==== Available data ====
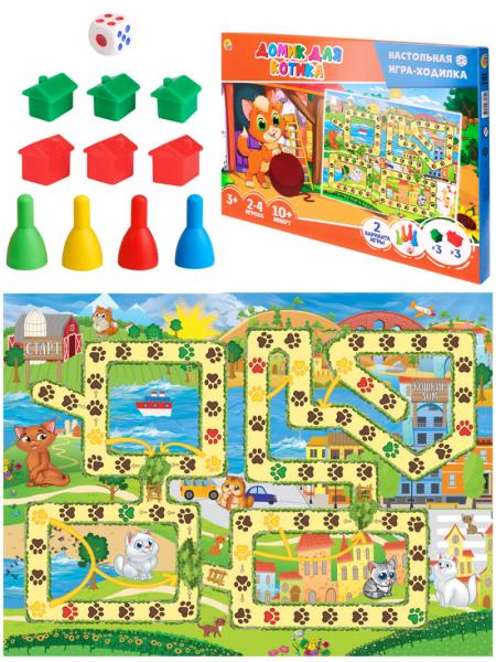 Игра настольная бродилка Домик для котика (с домиками), в коробке РК ИНЗ-3082
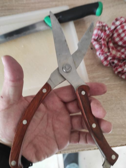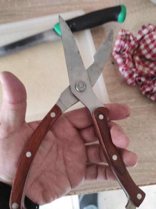 Nove škere za rezanje mesa,polica,pataka ili ostalog mesa.Izrađene od nehrđajućeg čelika,jako kvalitetne i ne koristene.Za sve informacije nazovite na broj 097-6601365 ili pošaljite upit na Viber ili Njuskalo, a Šaljem Poštom ili tiskom ili u dogovoru sa kupcem.Stanje kao na slikama!!
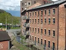 King Edward I granted permission to build a mill. Congleton became an important centre of textile production, especially leather gloves and lace.[4] Congleton had an early silk throwing mill, the Old Mill built by John Clayton and Nathaniel Pattison in 1753.[10] More mills followed, and cotton was also spun. The town's prosperity depended on tariffs imposed on imported silk. When tariffs were removed in the 1860s, the empty mills were converted to fustian cutting. A limited silk ribbon weaving industry survived into the 20th century, and woven labels were still produced in the 1990s. Many mills survive as industrial or residential units.[11]
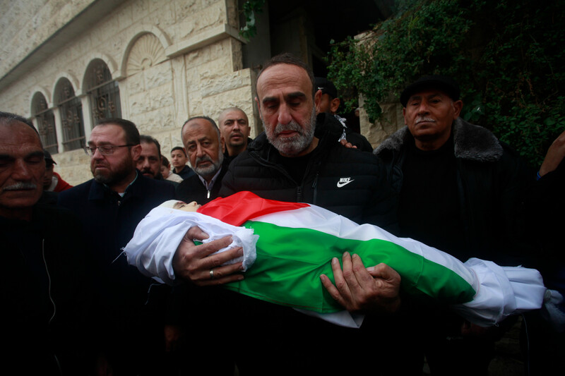 Mourners carry the body of 2-year-old Laila Muhammad Khatib, who was shot in the back of the head at home while having dinner with her family, in Jenin in the occupied West Bank on 26 January.
====
**Task directions**
The first line of the listing through the line with "Nove škere za": repeat exactly that span and nothing more, skipping pictures.

**Solved exercise**
 Игра настольная бродилка Домик для котика (с домиками), в коробке РК ИНЗ-3082
 Nove škere za rezanje mesa,polica,pataka ili ostalog mesa.Izrađene od nehrđajućeg čelika,jako kvalitetne i ne koristene.Za sve informacije nazovite na broj 097-6601365 ili pošaljite upit na Viber ili Njuskalo, a Šaljem Poštom ili tiskom ili u dogovoru sa kupcem.Stanje kao na slikama!!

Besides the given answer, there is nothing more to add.